Feeding tube timing of placement (prophylactic or reactive) and/or utilisation
Three retrospective cohort studies [13, 19, 23] reported on feeding tube time of placement and/or utilisation during active treatment (pooled n = 255). One study [40] also investigated rates of prophylactic versus reactive feeding tube placement in relation to HPV status. These studies suggested patients with OPC+ may have a higher rate of reactive feeding tube placement and may require a longer duration of feeding tube use compared to patients with OPC− . GRADE certainty of evidence was low, downgraded due to serious bias and imprecision. Harrowfield et al. [19] demonstrated patients with OPC+ were more likely to require reactive nasogastric feeding in relation to poor oral intake after treatment initiation compared to patients with OPC− disease (n = 21 (30%) versus n = 3 (23%) respectively); however, this did not reach statistical significance (OR 0.75, 95%CI, 0.22–0.26, p = 0.65). Vangelov et al. [40] demonstrated more patients with OPC+ required a feeding tube (n = 43/68, 63%) compared to OPC− and HPV unknown status (n = 18/32, 56%). Of the 43 patients with OPC+ who received a feeding tube, 27 (63%) had the tube placed reactively and 16 (24%) prophylactically. All patients with OPC+ with a reactive feeding tube and 94% of patients with a prophylactic feeding tube experienced critical weight loss (defined as ± 5% weight loss). Patients with OPC+ with prophylactic feeding tubes had significantly higher mean percentage weight loss compared to patients with OPC− or HPV unknown status with a prophylactic feeding tube (8.6% versus 3.9%, 95% CI, 1.7–7.6, p = 0.003). When comparing prophylactic to reactive feeding tubes, there was no significant difference in the meantime for feeding tube utilisation for patients with OPC + (71 versus 83 days, p = 0.093). Vatca et al. [23] demonstrated patients with OPC+ displayed a clinically important longer duration of gastrostomy use during treatment (48.3 days) versus patients with OPC− disease (mean days 165.4 ± 163.4 versus 117.1 ± 98.2; p = 0.39).
Nutritional (energy and/or protein) intake
Two retrospective cohort studies [19, 39] reported nutrition intake of patients during active treatment (pooled n = 230).

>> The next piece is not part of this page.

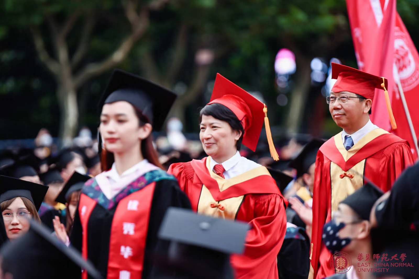 华东师大7000多名毕业生线上线下欢聚一堂。校领导梅兵、钱旭红、朱民、王宏舟、杨昌利、曹友谊、孙真荣、李志斌、周傲英、戴立益,校学术委员会和各专门委员会负责人,校长助理,学部、院系、书院等单位主要负责人,校友代表,教师代表,毕业班辅导员,相关职能部门负责人等出席典礼,一起见证了师大学子完成学业开启人生新征程的重要时刻。

Overall, these studies suggest no difference in nutritional intake with patients with OPC+ being more likely to resume a normal diet post-treatment compared to patients with OPC− . GRADE certainty of evidence was very low, downgraded due to serious bias and very serious imprecision. Harrowfield et al. [19] assessed dietary adequacy using the dietary intake component of the validated Patient-Generated Subjective Global Assessment (PG-SGA) tool [41], and found no significant differences in self-reported dietary adequacy based on HPV status. Naik et al. [39] reported that at 2-year post-chemoradiotherapy, patients with OPC+ experienced a lower incidence of limited diet (8.6% versus 33.3%, p = 0.014) versus patients with OPC− . Patients with OPC+ had more frequently resumed a normal diet (87% versus 65%) and had lower rates of limited diet (9% versus 18%) at last follow-up (median 55 months) versus patients with OPC− disease (p = 0.02), thereby suggested patients with OPC+ have more favourable swallowing outcomes. However, more patients with OPC− were treated with 5FU and/or twice-daily RT, which may have contributed to increased treatment toxicities in this cohort.
Nutritional status
One retrospective cohort study (pooled n = 83) [19] assessed nutritional status change (i.e., malnutrition development) in patients with OPC based on HPV status. The authors utilised the validated PG-SGA tool to assess both malnutrition presence (PG-SGA category B/C change) and malnutrition severity (PG-SGA score change (mean ± SD)). This study found no significant differences between patients with OPC+ and OPC− for PG-SGA category (i.e., malnutrition presence; p = 0.30) or score change (i.e., malnutrition severity; p = 0.44) at any time point. GRADE certainty of evidence was very low, downgraded due to serious bias and very serious imprecision. At 3-months post-treatment, there was no difference for patients with OPC+ assessed as having PG-SGA category B/C (moderate-severe) malnutrition (n = 30; 43%) versus OPC− (n = 5; 38%; p = 0.30). Although two other studies [23, 40] were identified stating they reported on nutritional status change, both studies used weight change as a surrogate for nutritional status and were therefore not included.
Discussion
Despite the rising epidemic of patients diagnosed with OPC+ , this is the first systematic review to our knowledge that has examined nutrition outcomes specific to patients with OPC+ undergoing any treatment modality when compared solely to patients with OPC− . Key findings demonstrate patients with OPC+ status may experience greater weight loss during and post treatment, have higher utilisation of reactive feeding tubes, and may have lower feeding tube dependency rates compared to patients with OPC− . It is uncertain whether nutritional intake and nutritional status differed between populations. This review highlights the limited research currently available investigating nutrition outcomes for the changing landscape of OPC, and suggests patients with OPC+ may have greater acute (i.e., more weight loss and requirement for reactive feeding tube placement) but lower chronic nutrition needs (i.e., lower feeding tube dependency) than those with OPC− disease.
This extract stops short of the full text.